Speed to results is one of the more interesting aspects of the work, says Han. The other is that a strong correlation between immune response and biophysical markers was witnessed in the ED population, which is much more diverse than patients in, say, the intensive care unit (ICU).
Interest in the immune profiling method emerged from the realization that the current approach of identifying and treating a pathogen was far from ideal in terms of predicting how patients will fare, Han says. When used for early diagnosis of infection to detect low-abundance pathogens, the prevailing tests often do not accurately reflect the severity of infection.
“The clinical reality we hear from the ICU is that sometimes patients would have a blood infection and be out of the hospital in two days because their immune system took care of the pathogen in the blood, and in other cases no pathogen would be detected but then two days later they would be seriously sick with their immune system going on the attack and damaging their organs,” says Han. “Once they got into that sepsis-like state, it did not really matter what the original trigger was.”
Current biomarkers are either too upstream, before levels are detectable in the blood, or too downstream, once they can be measured but organ damage had already begun, he says. Changes in immune cell activity seem to be a more relevant modality—particularly that of neutrophils which are the first to arrive on the scene when infection strikes.
But the body’s immune response can often be volatile and may change within a few hours, making it challenging to monitor with conventional assays, say Kwek. An added complexity is that patients may have preexisting conditions such as high blood pressure or diabetes.

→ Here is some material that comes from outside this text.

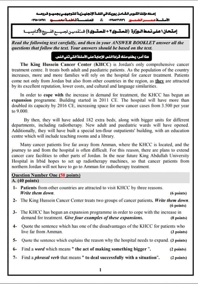 ننقل لكم بالصور امتحان مقترح على النمط الوزاري الجديد مع الحلول لمادة اللغة الإنجليزية توجيهي ٢٠١٩
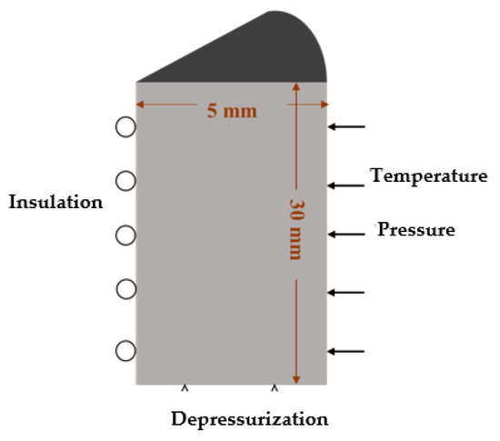 The hydrate phase change model was verified by comparing it with the results of Case 3 in Benchmark Problem 1 of IGHCCS2. Figure 4 shows the initial and boundary conditions of the 2D axisymmetric model in Case 3. The model has a radius of 5 mm and a height of 30 mm. The axis of symmetry is set with roller support, impermeable, and adiabatic conditions, meaning that only vertical deformation can occur on this axis, with no fluid flow or heat transfer. Both the top boundary and the cylindrical boundary of the model have constant stress and temperature conditions and are impermeable boundaries. The bottom boundary of the model can only move vertically and has a constant temperature boundary condition. The pressure at the bottom boundary decreases linearly from 12 MPa to 4 MPa within 10 s and remains constant thereafter, with a simulation time of 10,000 s. The initial pore pressure and initial external stress of the model are 12 MPa and 13 MPa, respectively. Both the initial water saturation and initial hydrate saturation are 0.5. The initial temperature and constant temperature boundary condition are 10 °C, the model porosity is 0.4, and the permeability is 10−16 m2.

The DLD microfluidic technology tackles this issue by quantifying immune cell biophysical signatures in relation to the real-time activation levels of white blood cells, Kwek says. Specifically, the test measures both the extent and direction of these changes as a reflection of a patient's current immune response state.
The biophysical signatures are based on 38 biophysical markers. A support vector machine learning algorithm was used to calculate diagnostic probability values between biophysical properties of white blood cells and host infection, Kwek explains.
Importantly, the technology uses video frame rates of up to 150 fps, meaning it could potentially be developed into a portable unit for point-of-care, blood-sparing assays in the ED and other primary care settings, he adds. The biophysical diagnostic modality could be deployed using low-cost and compact machine vision cameras or smartphone optical sensors.
The speed of patient stratification demonstrated in the study holds promise for acute infection triage, risk management, and resource allocation in the ED, Kwek says. But the immune response device could well have utility in other departments, including the ICU, where clinical manifestation of infection severity may be compounded with comorbidities.
Clinical partners of SMART CAMP may also be interested in investigating if the identified biophysical immune signatures correlate with the condition of patients with other types of diseases such as cancer and the treatment of cancers using CAR T immunotherapy, he adds.
Further out, the assay might also prove useful for outpatient-based immune response profiling, says Kwek, particularly in populations less likely to be trekking to the hospital with any regularity. Most sepsis cases originate in rural areas due to access-to-care barriers.